Nationalist and antisemitic agitators were hardly impressed by such arguments. In fact, they added insult to injury and weaponized the caryatid metaphor even further: if Jews were caryatids among the Germans, they were at the same time the masters of the inferior peoples of the East. In other words, the Jews, unrelenting capitalists and profiteers, exploited the Slavs economically, as “the forces of Jewish power” in Poland and Russia sought to turn the “native populations [of the East] into caryatids in the building of Jewish rule.”Footnote 66 The perverse logic of antisemitism is obvious here: the Jews are always guilty.

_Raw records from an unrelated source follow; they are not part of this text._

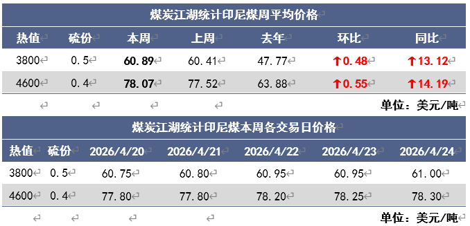 截至上周五,印尼煤3800卡報價為FOB61美元/噸,比上周上漲了0.6美元/噸;4600卡報價為FOB78.3美元/噸,比上周上漲了0.7美元/噸。印尼為保內需持續收緊出口配額,及中東地緣沖突推高燃油成本影響,外礦報價堅挺,印尼3800卡離岸報價較年初漲幅已超過30%。國內沿海終端電廠采購仍顯謹慎,多以剛需招標為主,市場實際成交冷清。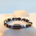 Tiger's Eye, Evil Eye, Black Obsidian Bracelet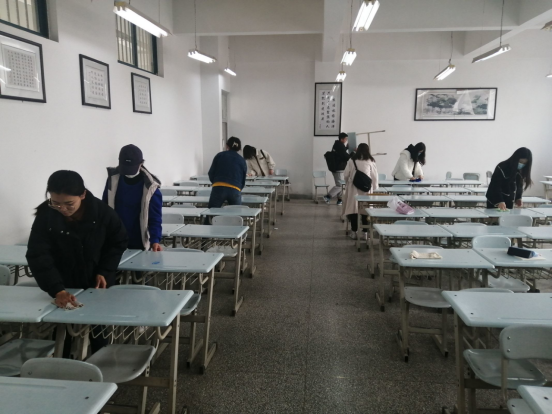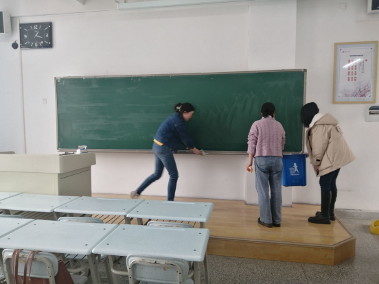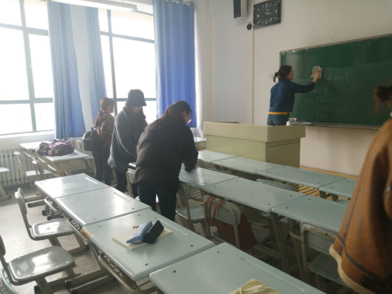 当天,支部所有党员同志自带抹布,在支部书记的带领下志愿清理彭家坪校区观成楼一教室的桌椅、黑板和讲台。由于近日恶劣的沙尘天气,桌椅上落下了一层厚重的尘土。党员同志们纷纷撸起袖子加油干,有的负责清洁桌椅,有的负责清洁讲台、黑板,很快便将1号楼三层小教室清洁完毕。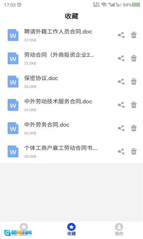 4、在精品合同页面,能够查看各类经过精心整理的合同范本,像出资证明书、劳动合同等文档。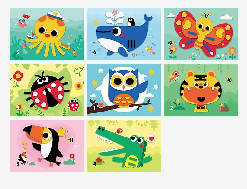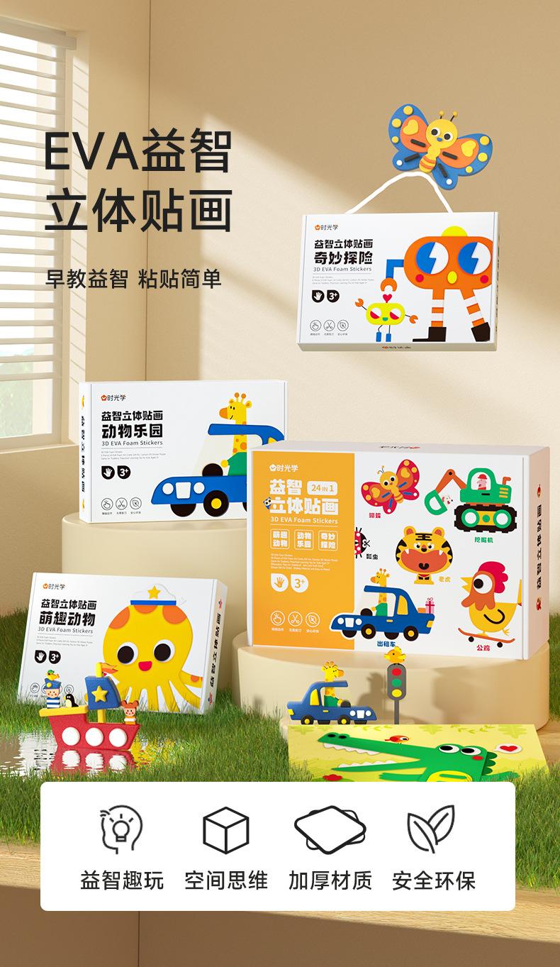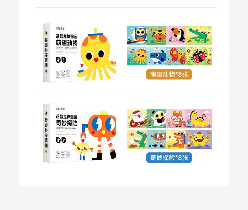 Rompecabezas de aprendizaje del tiempo, pegatinas tridimensionales, los 3 libros para niños, hechos a mano, bricolaje, educación de la primera infancia, pegatinas tridimensionales de la Ilustración

Caryatids Set Free: Zionism and the Aesthetics of National Liberation
It is this odious irrationality of antisemitism that led to Jacob Wassermann's bitter conclusion that one could be either Jewish or German but not both. But there were others in the Jewish community who reacted differently. The alternative response—the Zionist response—was a call for complete Jewish emancipation: not the political emancipation of the nineteenth century, with its aim of absorbing Jews into the “building that is the state” (Börne's words), but rather emancipation in the sense of national independence. This, of course, was the vision that Theodor Herzl, the founder of political Zionism, formulated in this period. Herzl, a playwright and leading journalist of fin-de-siècle Vienna, had personally experienced antisemitic discrimination at various stages of his life. His journalistic coverage of the Dreyfus trial in Paris in the 1890s contributed to his abandonment of earlier hopes that acculturation—or even mass conversion—would resolve the problem of antisemitism. From 1896, with the publication of his manifesto The Jewish State, Herzl spared no effort to establish a national Jewish home in Palestine.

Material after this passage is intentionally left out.